Certainly...but you have to use an output coupling capacitor, at the very least. You will also have to forward bias your non-inverting input....a simple voltage splitter does the trick here.
It has the advantage of using a light bulb to serve as an AGC. HP used a design very similar to this to produce one of their first major pieces of test equipment. It produces a very pure sine wave.
Can the schematic of op amp 741 model be used to design a +Vcc/Gnd op amp.
I tried using it, But the circuit always saturates to the Vcc voltage. The biasing in the circuit, does not come to Vcc/2 (rather I am not able to do it, I started my work by "designing" a single supply op amp).
Any suggetions.
I did go through the materials from TI. But somehow was not convinced.
Regards
Schematic please? There are ways to use a single supply voltage, but a 741 needs a lot more voltage than most. When you look at the spec sheet they neglect to specify a minimum voltage. I suspect without knowing (because you didn't specify) that you are starving the op amp for power. Figure 12VDC as an absolute minimum, more is better.

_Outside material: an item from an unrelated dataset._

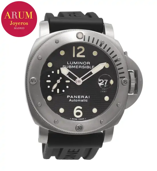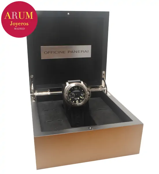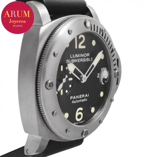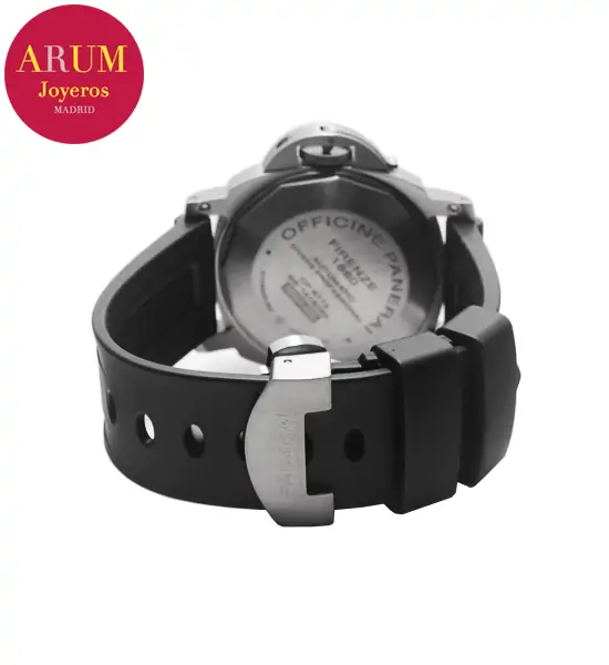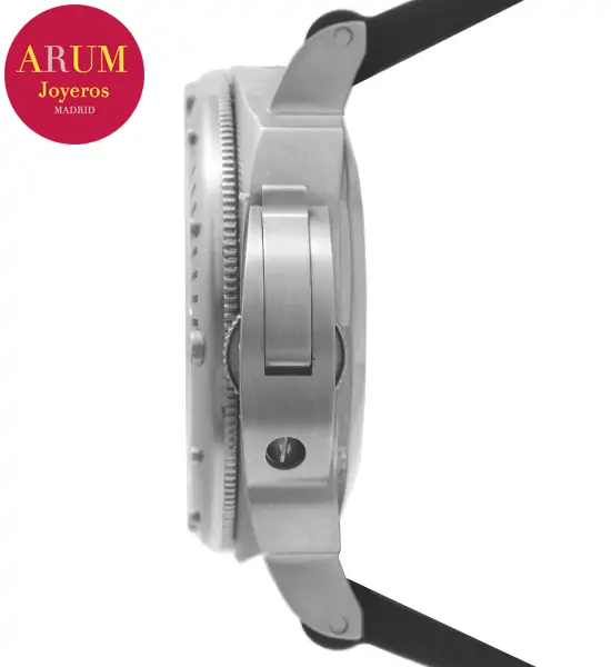 Other specifications :calibre OPIII, power reserve 42 hours, date at three, small seconds at nine, luminous marks, rotating bezel, lock system crown patented by Panerai.
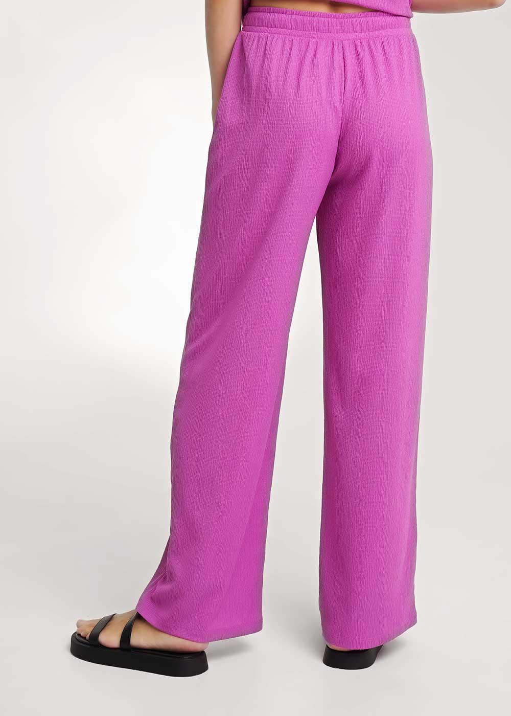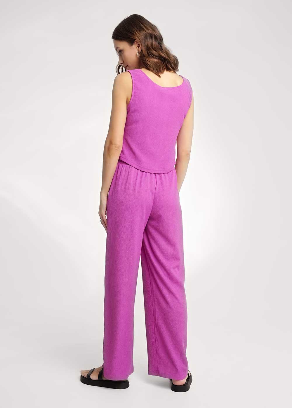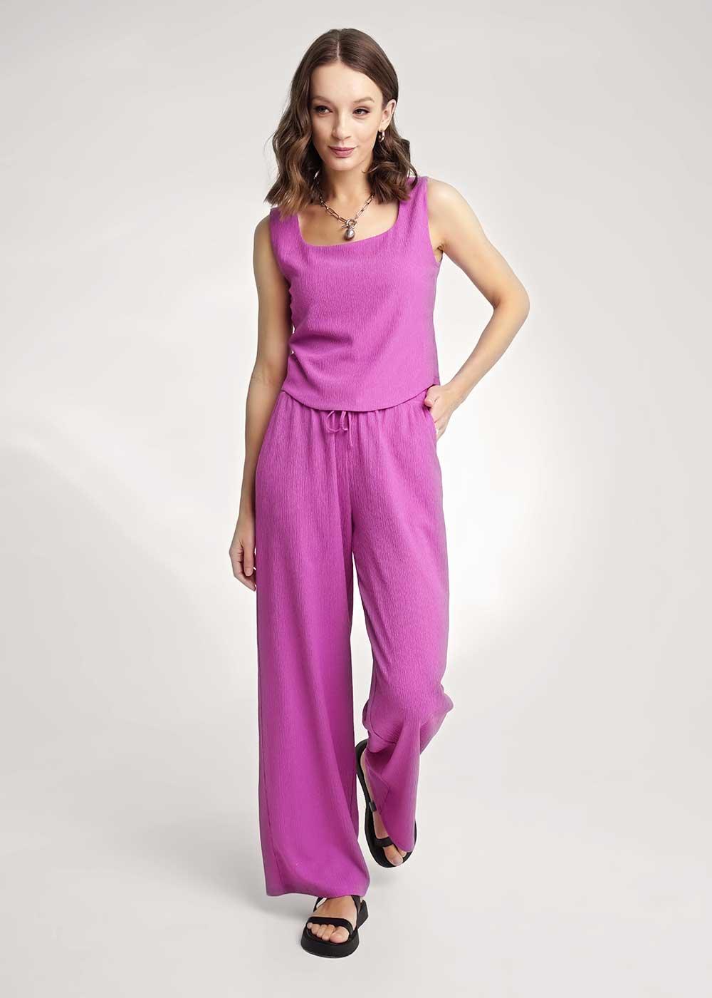 Брюки широкие из трикотажного полотна джерси. По талии притачной пояс на внутренней резинке со шнуром из основного полотна. Боковые карманы с отрезным бочком.

A LM324 is speced for down to 3VDC, as are many newer op amps.
I am actually "designing", rather simulating it on Cadence.
The flow is like this,
R2 = R3 = 3600 Q3 area = 3
R1 = 2.5k voltage at the output = -3.24v
R13 = 28k voltage at he base of Q1,Q7 = -1.25V
R8 = 25 cap = 30pF
R17 = 50
R81 = 200
I request you to tell me the mistakes done in this design under these categories:
1. Blunders
2. never do it
3. silly
4. "foolish"
In this particular design, I have observed that Q3 saturates and pulls the output to +4.668v when Q30 is changed to "pnp" from "npn"
The model files used are from the foundry kit.
My doubts:
Does this need a start up circuit?
Does it need a completely different biasing technique , if I were to implement a similar design for +Vcc(+5v)/Gnd supply ?
Target :
Design an op amp for +5V/ Gnd , Avol = 80dB, BW = 1Mhz.